Background information
- Born: Joseph Anthony Fatone Jr. January 28, 1977 (age 49) New York City, U.S.
- Origin: Orlando, Florida, U.S.
- Genre: Pop
- Occupations: Singer, actor, television host
- Years active: 1995–present
- Formerly of: NSYNC
- Spouse: Kelly Baldwin ​ ​(m. 2004; div. 2019)​

= Joey Fatone =

American pop singer and actor (born 1977)

Joseph Anthony Fatone Jr. (born January 28, 1977) is an American singer, dancer, actor, television host and businessman. He is best known as a member of the boy band NSYNC, in which he sang baritone. The band has sold over 70 million records, becoming one of the best-selling boy bands of all time.

In 2007, he came in second place on the ABC reality show Dancing with the Stars. He was the host of the American and Australian versions of The Singing Bee, which aired on NBC in the United States. Fatone was the announcer for the game show Family Feud from 2010 to 2015. Fatone has hosted on Food Network's Rewrapped, Game Show Network's Common Knowledge, Live Well Network's My Family Recipe Rocks, The Price Is Right Live! at Bally's Las Vegas; and appeared as "Rabbit" on the first season of The Masked Singer in 2019.
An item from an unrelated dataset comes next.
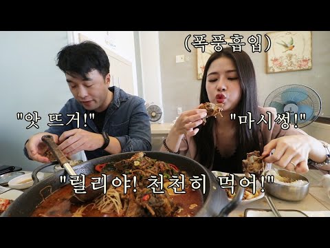 그녀에게 매운 감자탕을 사줬는데 양손으로 폭풍흡입 하네요... 외국인 맞아??ㅋㅋㅋㅋ
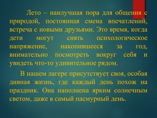 Документ представляет отчет о летнем пришкольном лагере 'Звёздочка', включающий описание этапов работы лагеря, такие как подготовительный, организационный, основной и заключительный. В ходе мероприятий акцент делается на развитие детских навыков, социальных и творческих способностей через различные игры, мастер-классы и соревнования. Итоговая часть подводит результаты работы лагеря, отмечая позитивные изменения в физическом и психологическом состоянии детей.

==Early life and education==
Fatone was born in Brooklyn, New York City, to Joe and Phyllis Fatone. He has a brother, Steven, and a sister, Janine, and was raised at 2140 84th Street in the Bensonhurst neighborhood. His father had sung in a doo-wop group called the Orions. At 13, he moved with his family to Orlando, Florida, where he attended Dr. Phillips High School. He also appeared as a contestant on the children's game show Nick Arcade.

==Career==
===NSYNC===

After high school, Fatone played "Wolfie" in Beetlejuice's Rock and Roll Graveyard Revue at Universal Studios Florida in Orlando. There, in the summer of 1995, he befriended fellow park performer Chris Kirkpatrick who recruited him as the fourth member of a new vocal group that included Justin Timberlake and JC Chasez. They were later joined by Lance Bass, and the band NSYNC was formed. Fatone sang baritone with the band from their formation to 2002, when they went on an indefinite hiatus, during which time they sold more than 70 million records worldwide. He performed lead vocals on the single "Together Again" and the No Strings Attached album track "I Thought She Knew". While a member of NSYNC, Fatone co-starred with bandmate Bass in the 2001 romantic comedy film On the Line and guest-starred with the band on The Simpsons episode, "New Kids on the Blecch".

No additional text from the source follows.